Toutefois, une simple compagnie de transport ne satisfait pas à cette définition "d'activités", puisque "la simple circonstance qu’un travailleur engagé par cette entreprise dans cet État effectue des livraisons de marchandises entre ledit État et un autre État membre en traversant d’autres États membres ne saurait permettre de conclure au respect du critère [de "moyens humains"] et ne suffit donc pas pour que ladite entreprise soit considérée, aux fins de l’article 8 bis de la directive 80/987, comme exerçant des activités ailleurs que dans l’État membre dans lequel elle est établie" (point 35).
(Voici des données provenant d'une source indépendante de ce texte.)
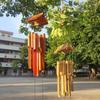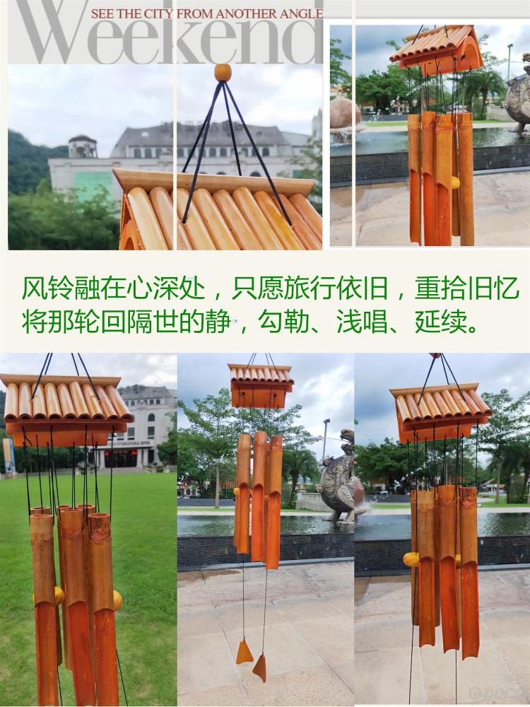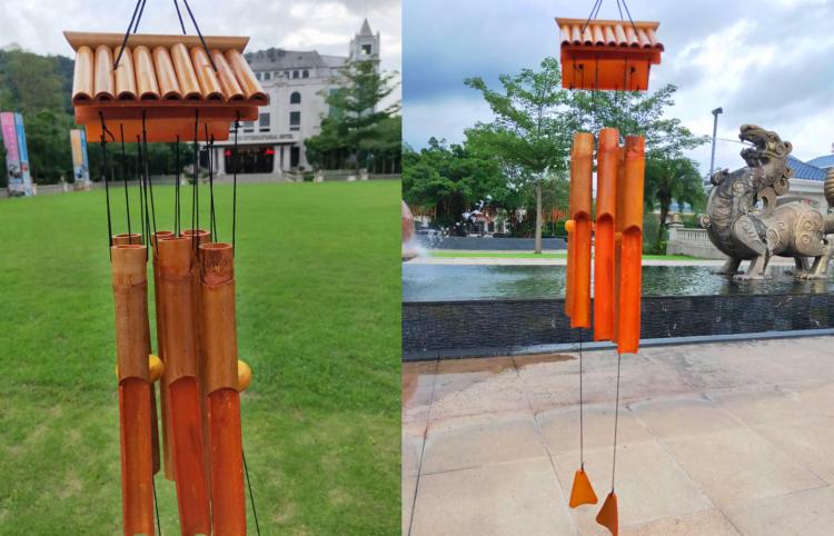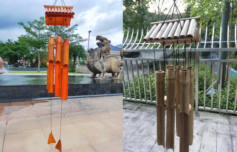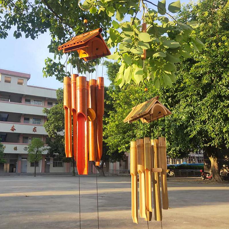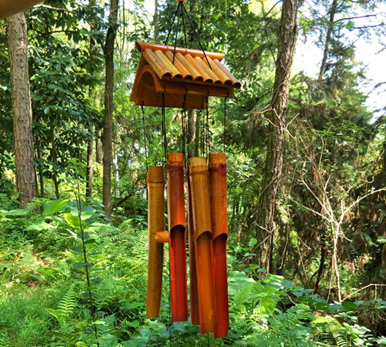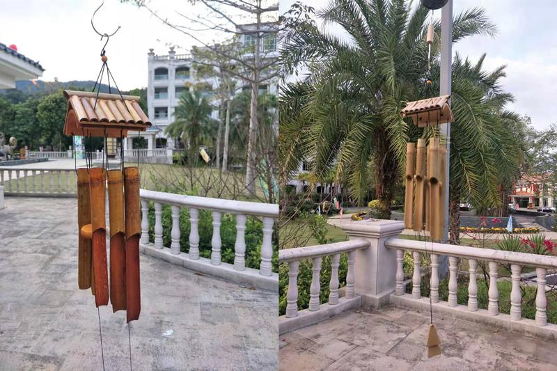 Los carillones de viento de bambú complementan la torpeza naturalmente, al igual que el sonido del viento soplando a través de las hojas de bambú. Cuando el viento sopla suavemente, el sonido de los tubos de bambú golpeándose y chocando entre sí es tan nítido.

Le fait de traverser plusieurs Etats avec un camion, même de manière fréquente, ne suffit donc pas. Il faut également ajouter à cet égard que si M. Holmqvist se chargeait de la livraison des produits en Italie, il n'en assurait pas le déchargement qui était à la charge de travailleurs locaux équipé de leur propre matériel, sous sa simple supervision. Si société suédoise avait engagé des travailleurs en Italie et acheter du matériel pour assurer le déchargement de ses camions, la solution de cet arrêt eut sans doute été bien différente.
Dès lors, l'argument du gouvernement suédois tombe à l'eau. L'entreprise en faillite en cause n'ayant pas d'activités dans plusieurs Etats membres, l'article 8 bis ne s'applique dès lors pas. En conséquence, cet Etat ne peut faire application du critère de "travail habituel" pour écarter M. Holmqvist du bénéfice de la garantie.